Companies need to know that data can become gold only when it is processed well. The magic lies in packing the data. If the data is well packed, it becomes an asset for the company, and the company can gain a competitive advantage. But, if the data is not properly packed, then it becomes a non-performing asset, depriving company revenue. Companies need to be vigilant in choosing the data by keeping several elements in mind.
When companies dwell into the data more, they chalk a different strategy for themselves. Companies should not become slaves of KPI; they should consider picking up the phone and making inquiries with the right person. Companies need to ensure that data will make sense when the diagrams that are drawn on the whiteboard in the meeting is implemented rather than look blankly at it. Companies need to consider the samples that they find since sampling can be biased deliberately to get expected results. A company needs to consider the size of the sample that is interpreted.

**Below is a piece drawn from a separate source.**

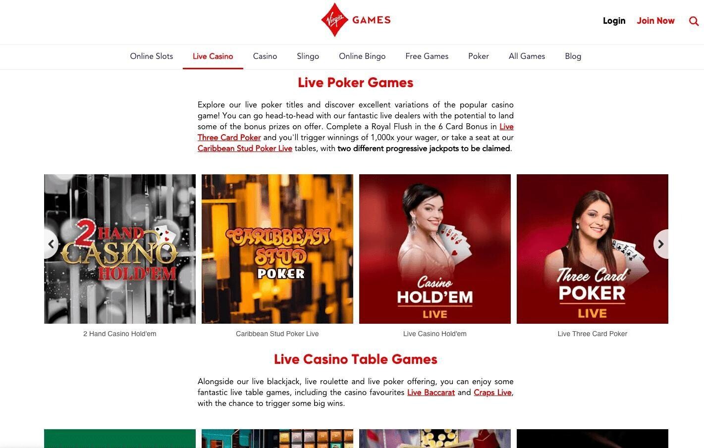 Virgin Games’ blackjack section is excellent, with a decent balance between live and standard versions. There are over 25 different blackjack games listed, with a number of seats available at a wide variety of tables, including Lightning Blackjack, where you could trigger multipliers worth up to 25x to boost your winnings, or you can play Madison Avenue Blackjack for the chance to win payouts of up to 100:1 on the 21+3 side bet.

When an analytical project is considered, a project team must be familiar with the company and have a sound knowledge of statistical principles. Also, the company needs to ring-fence and risk assess the data which is not included in the packaging. The company also needs to consider as the project progresses each of the algorithms that are coded must be reviewed, tested, and ‘dry run’ before moving into production. It needs to be watchful that the documentation must be comprehensive and clearly describe the outcome.
The only reality for any analytical flavor is the need to rely on historical data; it does not matter whether the analytics are descriptive or predictive or prescriptive. The new oil is the data. Unless correctly processed, oil itself cannot run an automobile.